He led Clements back into the other half of the apartment. The silvertails, some seated, some still standing, all turned at once, all, it seemed to Malone, on the defensive. Zanuch’s face was the only one that showed neutral.
The two detectives were introduced by the AC; there was a formality about it, almost as if this were some sort of social gathering. “I don’t think you two ladies need to be interviewed. This is Mrs. Casement and Mrs. Aldwych, they are Mrs. Sweden’s sisters.”
“We’ll stay.” Ophelia Casement was familiar to Malone now that he saw her close-up. His two daughters, Claire and Maureen, made a mockery each week of the social pages of the Sunday newspapers; they would measure the amount of dental display at functions, supposedly sane people grinning like idiots at the camera, and occasionally would show him the results. Mrs. Casement, it seemed, was a standard feature in the makeup of every social page. But even at a glance Malone knew she was no idiot. “Rosalind needs us here.”
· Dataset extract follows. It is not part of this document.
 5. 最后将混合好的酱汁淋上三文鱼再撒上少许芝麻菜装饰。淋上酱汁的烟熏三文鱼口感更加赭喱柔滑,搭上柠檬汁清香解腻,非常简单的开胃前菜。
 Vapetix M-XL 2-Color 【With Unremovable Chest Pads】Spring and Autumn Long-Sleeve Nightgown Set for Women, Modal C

“Of course,” said Rosalind Sweden from where she sat on a long couch.
“We’ve always supported each other,” said Juliet Aldwych.
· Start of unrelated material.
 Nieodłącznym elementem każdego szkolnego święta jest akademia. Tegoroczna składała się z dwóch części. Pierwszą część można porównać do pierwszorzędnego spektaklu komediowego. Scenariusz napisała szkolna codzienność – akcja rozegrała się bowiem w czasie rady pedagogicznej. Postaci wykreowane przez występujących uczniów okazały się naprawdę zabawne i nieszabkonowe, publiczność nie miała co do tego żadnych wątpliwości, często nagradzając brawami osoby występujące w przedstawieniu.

Ophelia, Rosalind, Juliet: Malone hadn’t read Shakespeare since he had left school, but he remembered the names. Once, aged thirteen and going to an all-boys’ school, he had been forced to play Ophelia in a school production; his voice had been breaking then and he had alternated between an alto and baritone rendering of her speeches. As he dimly remembered it, at least two of the Shakespeare girls had been hard done by; none of these three looked the worse for wear. Ophelia, he guessed, was the eldest, in her mid-forties, still beautiful and aware of it. Rosalind would be the middle one, four or five years younger, bearing a remarkable resemblance to her elder sister. Juliet was the youngest, in her mid-thirties perhaps, dark-haired where her sisters were blonde. They were a very handsome trio, as sure of themselves as money and beauty could make them. He wondered what lay behind the facades, behind the years past.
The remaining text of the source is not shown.